Phosphosite functional scores
The functional scores were acquired from the functional landscape of human phosphoproteome paper30 (DOI: 10.1038/s41587-019-0344-3). The sites were mapped using UniProt IDs and site positions.
Kinase network (KMap)
The links between kinases were defined as the STRING protein-protein association score >400 or at least one protein-protein correlation >0.5 in one CPTAC cohort. This network covered 352 kinases connected by 3,238 edges (Supplementary Data 5).
Ground-truth data for CoPheeKSA development
To construct the positive KSAs for CoPheeKSA development, we overlapped the substrates from the ground truth with CoPheeMap (Ser/Thr) using fifteenmer sequences (+/− 7 amino acids), identifying 2353 positive KSAs.
For negative KSAs, we assigned known substrates of kinase A to kinase B if kinase A and B belonged to different kinase families and both phosphorylated Ser/Thr.

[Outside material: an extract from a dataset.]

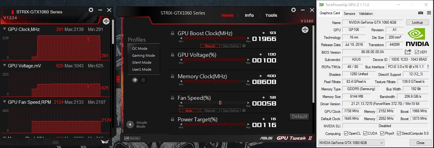 رغم ان البطاقة GTX 1060 Strix تأتى بتردد اعلى من التردد القياسى فالبطاقة تاتى بتردد 1620MHz يصل الى 1847MHz عن طريق خاصية Boost على الوضع الافتراضى Gaming Mode و ايضا التردد على الوضع OC Mode هو 1645MHz يصل الى 1873MHz الا ان ASUS قد وضعت لنا الخيارات اللازمة لرفع تردد التشغيل مع مكونات عالية الجودة فهوس رفع تردد التشغيل مُستمر عند مُستخدمى القطع الاحترافية وخصوصا مُحبى الالعاب ونحن منهم و كان يجب ان نتعرف على قدرة البطاقة فى رفع تردد التشغيل و الثبات وما هى الفروقات التى قد نحصل عليها بعد رفع تردد التشغيل فقد قمت برفع تردد البطاقة بزيادة 118MHz لتردد النواة والوصول الى تردد 1738 MHz وفى وضعية البوست يصل تردد البطاقة الى 1966 بزيادة اضافية تلقائياً من البطاقة بمقدار 228MHz مع رفع الفولت بزيادة 50+ ورفع تردد الذاكرة الى 2152MHz بزيادة 100MHz ويعتبر الامر جيد بالنسبة للبطاقة GTX 1060 Strix اما عن الحرارة فهو امر مفرح للغاية ان نجد ان درجات الحرارة لم ترتفع بقيمة كبيرة رغم زيادة فولت المعالج الرسومى وهذا يرجع الى التبريد المُستخدم مع البطاقة GTX 1060 Strix فبعض البطاقات الاخرى يمكن ان يرتفع تردد التشغيل بها لاكثر من ذلك لكن تكون هذه الزيادة على حساب درجات الحرارة لكن ASUS تريد ان يزيد العمر الافتراضى لمنتجاتها فقد وضعت حدود لرفع تردد التشغيل بحد اقصى للفولت و هو ما وصلنا لها فى المعالج الرسومى و الذاكرة.

If phosphosites were annotated as regulated by multiple kinases, the negative KSAs included only those where the site was not a target of any overlapping upstream kinases from the kinase groups of the kinases known to regulate the site. This approach yielded 114,530 negative KSAs (Supplementary Data 6).
Kinase activity scores
The kinase activity scores for a sample were calculated as the mean values of all known substrates from the ground truth quantified by phosphoproteomics for the sample. Each kinase activity score required the quantification of at least three substrates. To prevent information leakage, phosphosites in the test set were excluded before calculating the kinase activity scores using the known substrates. Additionally, for each KSA in the ground truth where the target site was on the kinase itself, the site abundance was excluded from the calculation of the kinase’s activity score.
Kinase motif scores
We derived kinase motifs from the positive ground-truth KSAs by collecting substrate sequences for each kinase, ensuring at least five substrates per kinase. For each kinase, using the 15-mer sequences of the substrates, we constructed a PSSM by calculating the frequency of each amino acid at each position and converting these frequencies to probabilities. The PSSMs were then used to score new substrates by summing the probabilities for each position. To prevent information leakage, test sites were excluded when deriving PSSMs for scoring the test sites.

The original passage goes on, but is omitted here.